Laurent Gbagbo’s time in office appears to be nearing the end of its controversial run as opponent fighters encircle his main residence as well as the presidential palace in Abidjan.
Gbagbo has been clinging to power since a presidential election in November, which saw his opponent Alassane Ouattara recognised as the winner by the international community and the African Union.
Gbagbo has refused to step down, creating an increasingly violent political crisis in the country.
Gbagbo’s government has now lost control of around 80% of the country and much of the capital city where fierce fighting has raged for days.
The Ivory Coast’s military has been unable to halt the advance of armed rebels fighting to have Ouattara installed as president.
“There is no question of ceding,” said Gbagbo’s presidential aide, Fred Anderson, striking a defiant tone Friday. “It’s not up to the international community to impose our leader.”
The Ivory Coast’s elections in 2010 were delayed for five years by Gbagbo.
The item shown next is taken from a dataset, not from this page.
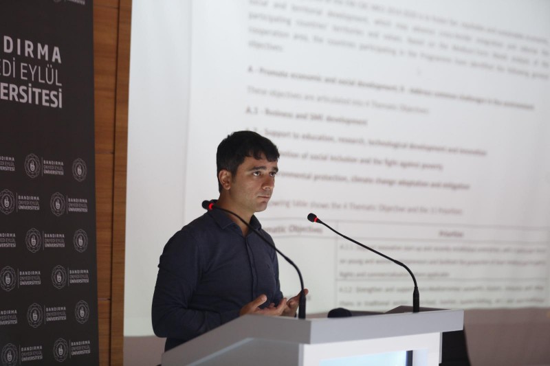Bandırma Onyedi Eylül Üniversitesi Bilimsel Projeler Koordinatörlü (BANÜ-PROJE) tarafından Prof. Dr. Fuat Sezgin Konferans Salonu’nda “Interreg Next Akdeniz Havzasında Bilgilendirme Ötesi İş Birliği” programı hakkında bilgilendirme eğitimi düzenlendi. Moderatörlüğünü BANÜ-PROJE Koordinatörü Doç. Dr. Miraç Kamışlıoğlu’nun üstlendiği iki günlük eğitim programı kapsamında ilk gün AB Başkanlığı Sınır Ötesi İş Birliği Daire Başkanlığı AB İşleri Uzmanı Övünç Güneş tarafından “Interreg Next Akdeniz Havzasında Sınır Ötesi İş Birliği Programı 2021-2027 Dönemi” hakkında genel bir sunum gerçekleştirildi. Ardından AB İşleri Uzmanı Kubilay Sitrava Ufuk 2020 ve Erasmus+ programlarının yer aldığı birlik programları hakkında bir sunum yaptı.

When Outtara won 54% of the vote, the result was recognised by the national electoral commission, the United Nations, the African Union and the Economic Organisation of West African States, but not by the president.
Supporters of Outtara have speculated that embattled President Gbagbo is likely holed up in a bunker beneath the presidential palace, which on Saturday remains surrounded by tanks and military vehicles armed with rocket launchers.